▶ [Source records]
# # #

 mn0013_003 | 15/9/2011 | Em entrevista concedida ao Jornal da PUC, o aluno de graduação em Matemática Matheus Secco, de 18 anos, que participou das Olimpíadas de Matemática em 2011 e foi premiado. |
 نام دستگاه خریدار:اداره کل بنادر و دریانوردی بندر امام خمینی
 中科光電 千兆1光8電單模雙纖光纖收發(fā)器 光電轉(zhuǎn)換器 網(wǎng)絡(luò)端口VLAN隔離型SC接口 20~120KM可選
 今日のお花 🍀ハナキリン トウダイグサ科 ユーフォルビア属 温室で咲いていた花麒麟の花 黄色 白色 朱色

# # #

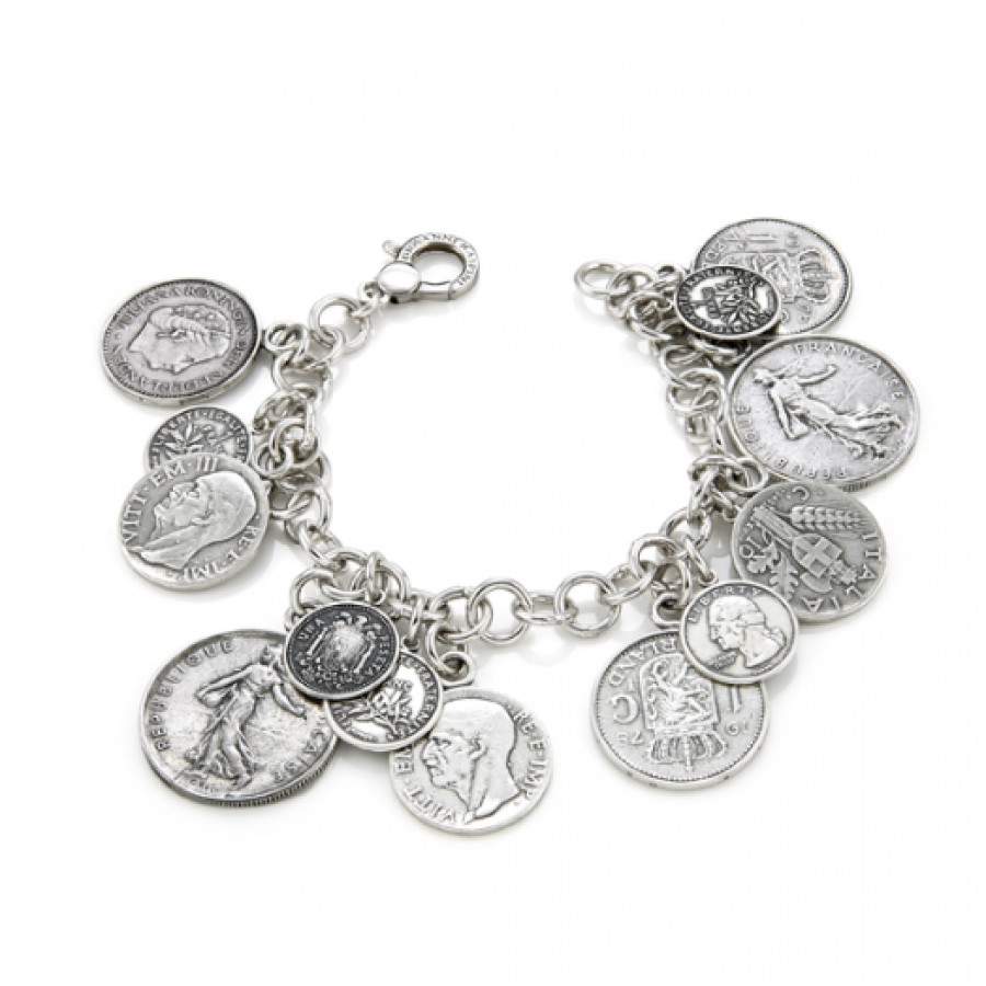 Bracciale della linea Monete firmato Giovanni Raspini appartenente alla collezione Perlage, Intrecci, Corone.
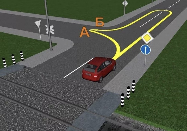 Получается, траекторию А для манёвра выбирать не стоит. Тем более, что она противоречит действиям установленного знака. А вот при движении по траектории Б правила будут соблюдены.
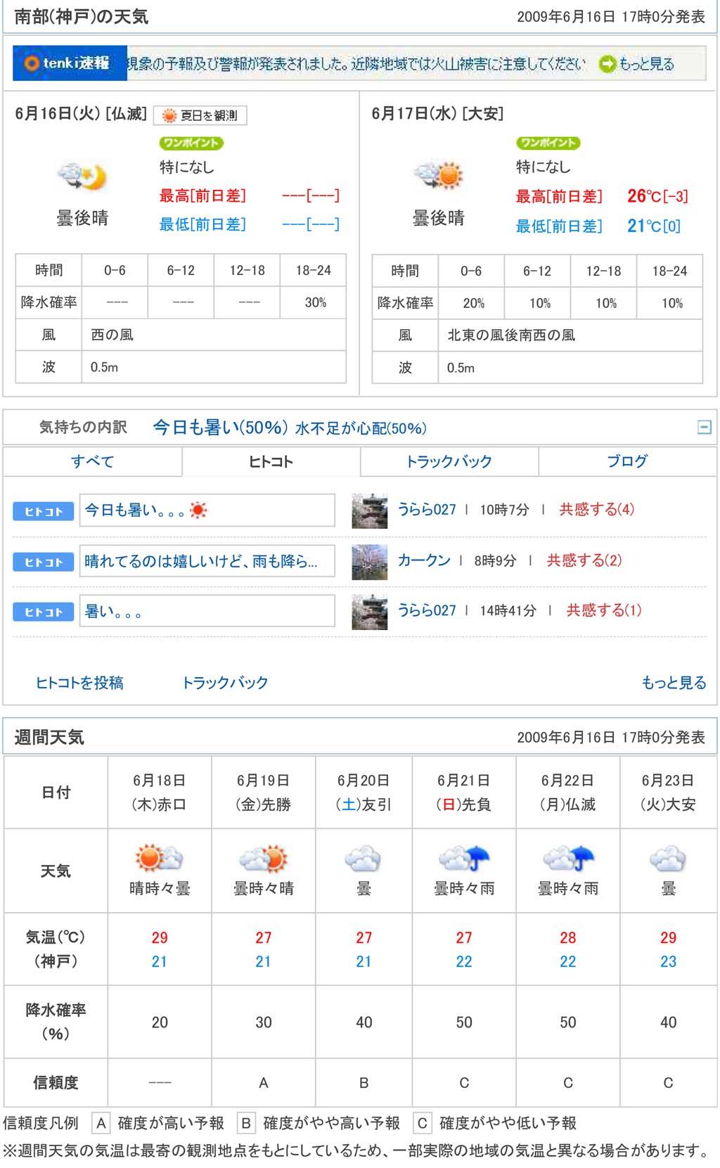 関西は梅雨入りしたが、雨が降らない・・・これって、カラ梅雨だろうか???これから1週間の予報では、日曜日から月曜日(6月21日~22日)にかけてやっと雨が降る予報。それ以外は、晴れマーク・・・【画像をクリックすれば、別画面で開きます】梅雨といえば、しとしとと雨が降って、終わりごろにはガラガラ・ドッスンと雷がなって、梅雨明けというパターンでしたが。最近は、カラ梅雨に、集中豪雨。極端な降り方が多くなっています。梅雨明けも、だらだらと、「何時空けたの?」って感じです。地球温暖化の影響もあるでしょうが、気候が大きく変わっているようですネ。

# # #

▶ [Task statement]
Please copy, exactly as written, every line in the listing above from the line with "نام دستگاه خریدار:اداره" up to and including the line with "今日のお花 🍀ハナキリン トウダイグサ科".

▶ [Exercise response]
 نام دستگاه خریدار:اداره کل بنادر و دریانوردی بندر امام خمینی
 中科光電 千兆1光8電單模雙纖光纖收發(fā)器 光電轉(zhuǎn)換器 網(wǎng)絡(luò)端口VLAN隔離型SC接口 20~120KM可選
 今日のお花 🍀ハナキリン トウダイグサ科 ユーフォルビア属 温室で咲いていた花麒麟の花 黄色 白色 朱色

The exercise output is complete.